EclipseAg said:JCA1 said:Keyno said:JCA1 said:
I'll play Devil's advocate here a little bit. Although I don't know the numbers, I would guess that CB has a rapidly aging customer base. My guess is their projections were that they had a decade or so remaining before their current customer base died off and/or moved into a nursing home. So, the choice was (a) stay the same and try to pocket as much as you can before your customer base dies off or (2) shake up the company to try and attract a younger audience. They chose number 2. Now, it may very well turn out to be a worse idea than choice 1. But I can understand why 2 was the choice. Tough spot.
Even if that were true- I mean, if their customer base is old people, it's not like old people are going extinct. When the current old people die off, the people in their 50s will have aged up and are the new old people.

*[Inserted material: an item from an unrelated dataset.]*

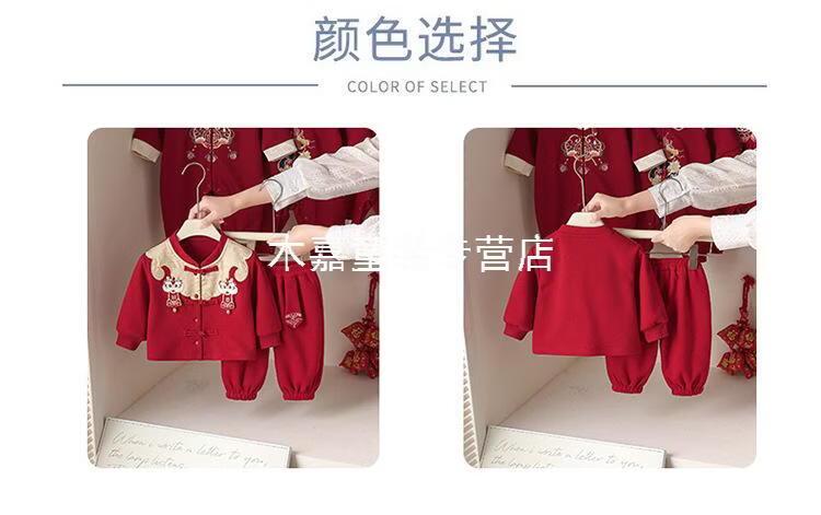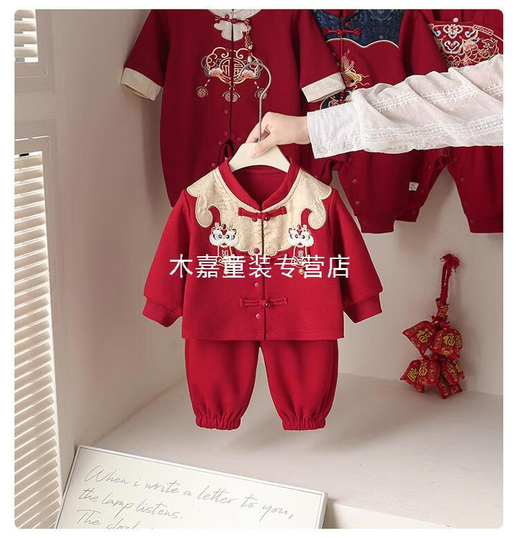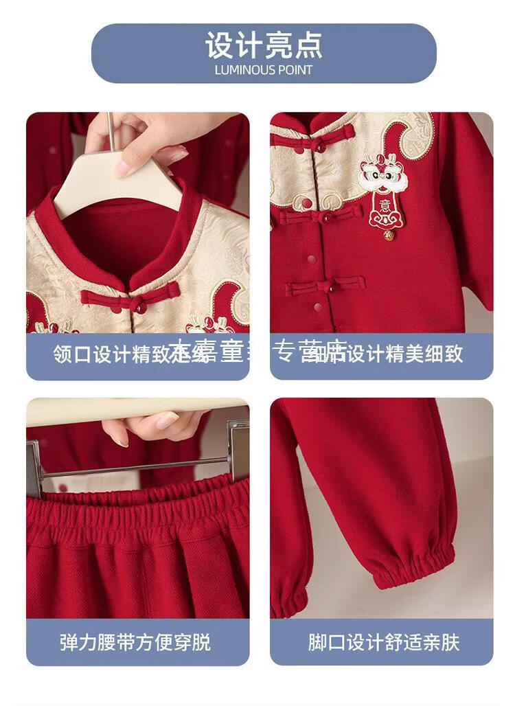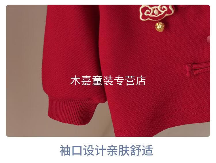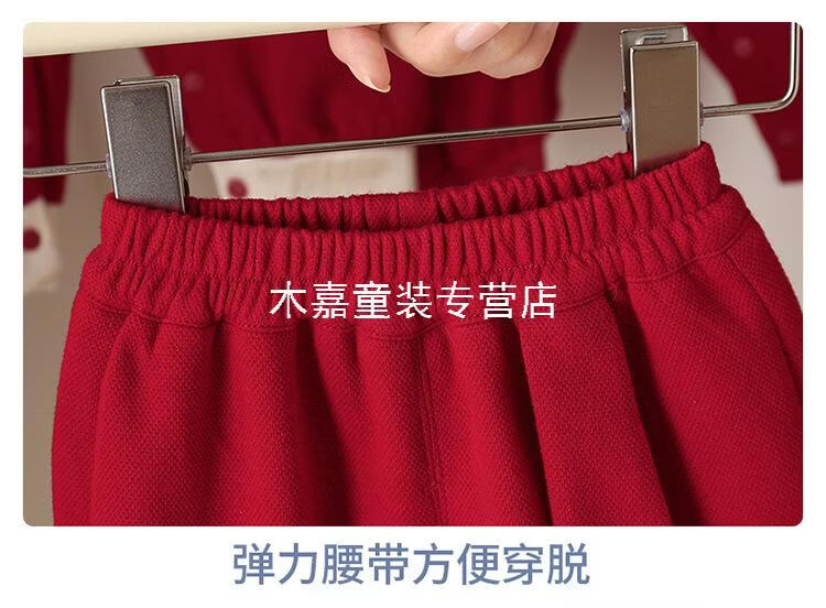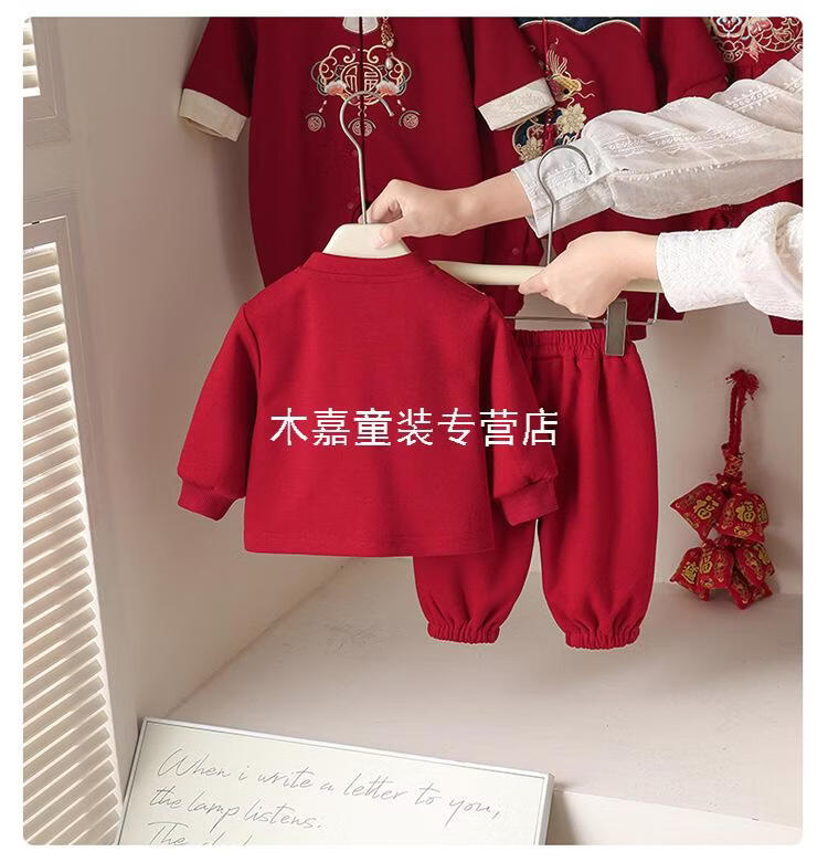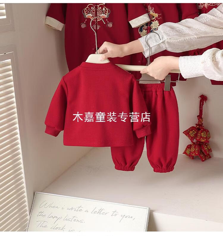 GOOFLORON一周岁礼服男宝宝儿童过年衣服春秋装红色喜庆宝宝分体两件套 红色上衣+裤子(不含帽子) 100 cm
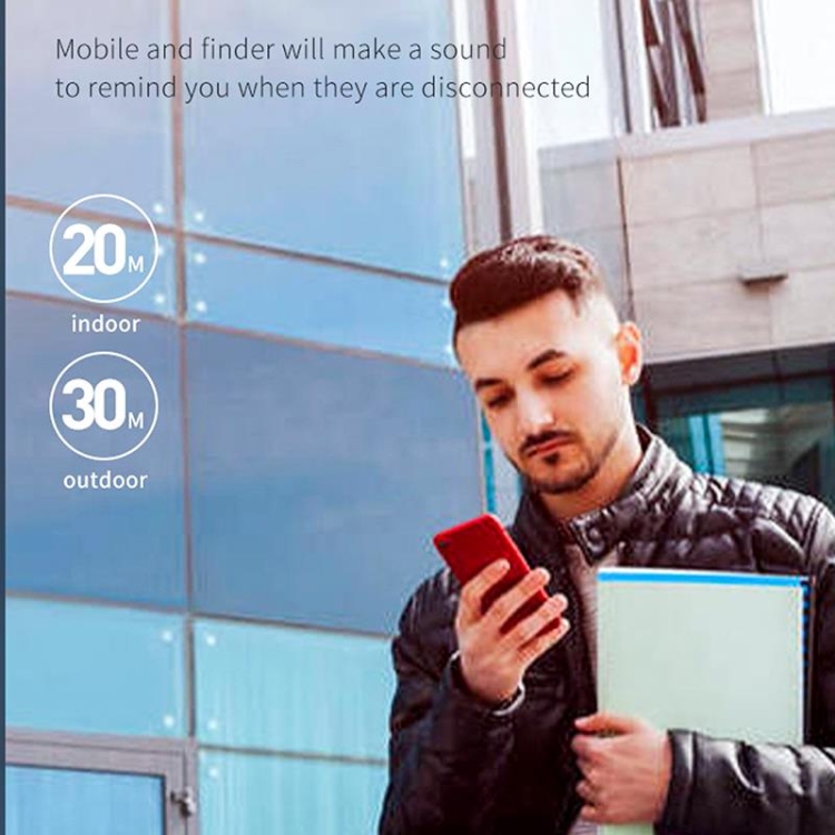 2. After binding the anti-lost device to the APP, its use range is about 30 meters (open range). Because Bluetooth is interfered by the surrounding environment, its connection distance is different in different use environments.

Not sure I can agree. Cracker Barrel's old-timey schtick provides nostalgia for a pretty clear generation who remembers when that's the way a lot of the world actually was (or at least had grandmas that cooked old school southern food when you went to visit). The people with these touchstones are dwindling. Unless you think everyone that turns 50 suddenly develops an affinity for an era they didn't live through, I don't know that CB translates to subsequent generations.
This is the same thinking that animates (see what I did there) a lot of the recent decisions at Walt Disney World. "Kids today don't care about steamboats! Rip up Rivers of America!!!"
Except that younger people have nostalgia for experiences with their parents and grandparents that harken back to earlier times, even if they didn't live through them personally. My kids love Cracker Barrel because they went there often with their grandmother. I never traveled by steamboat but I loved RoA because I remember how I felt seeing it 40 years ago.
If the company is gonna turn CB into just another bland dining establishment with no real identity, what's the point? Why would anyone young person choose CB if it looks, tastes and costs just like any other chain?
I'm with you that they need a point of view and said as much in my follow up.
You're kinda making my point on nostalgia by saying your kids love it because they went there with their grandma and you love it because of memories from 40 years ago.
My only point was, as we get further and further from the era CB has sought to recreate, it becomes a tougher sell as less and less people have a point of reference. Doesn't mean there's no audience at all, but the sledding gets tougher. They're probably in a slow-moving bind that has no good answers, at least not at the scale they currently operate.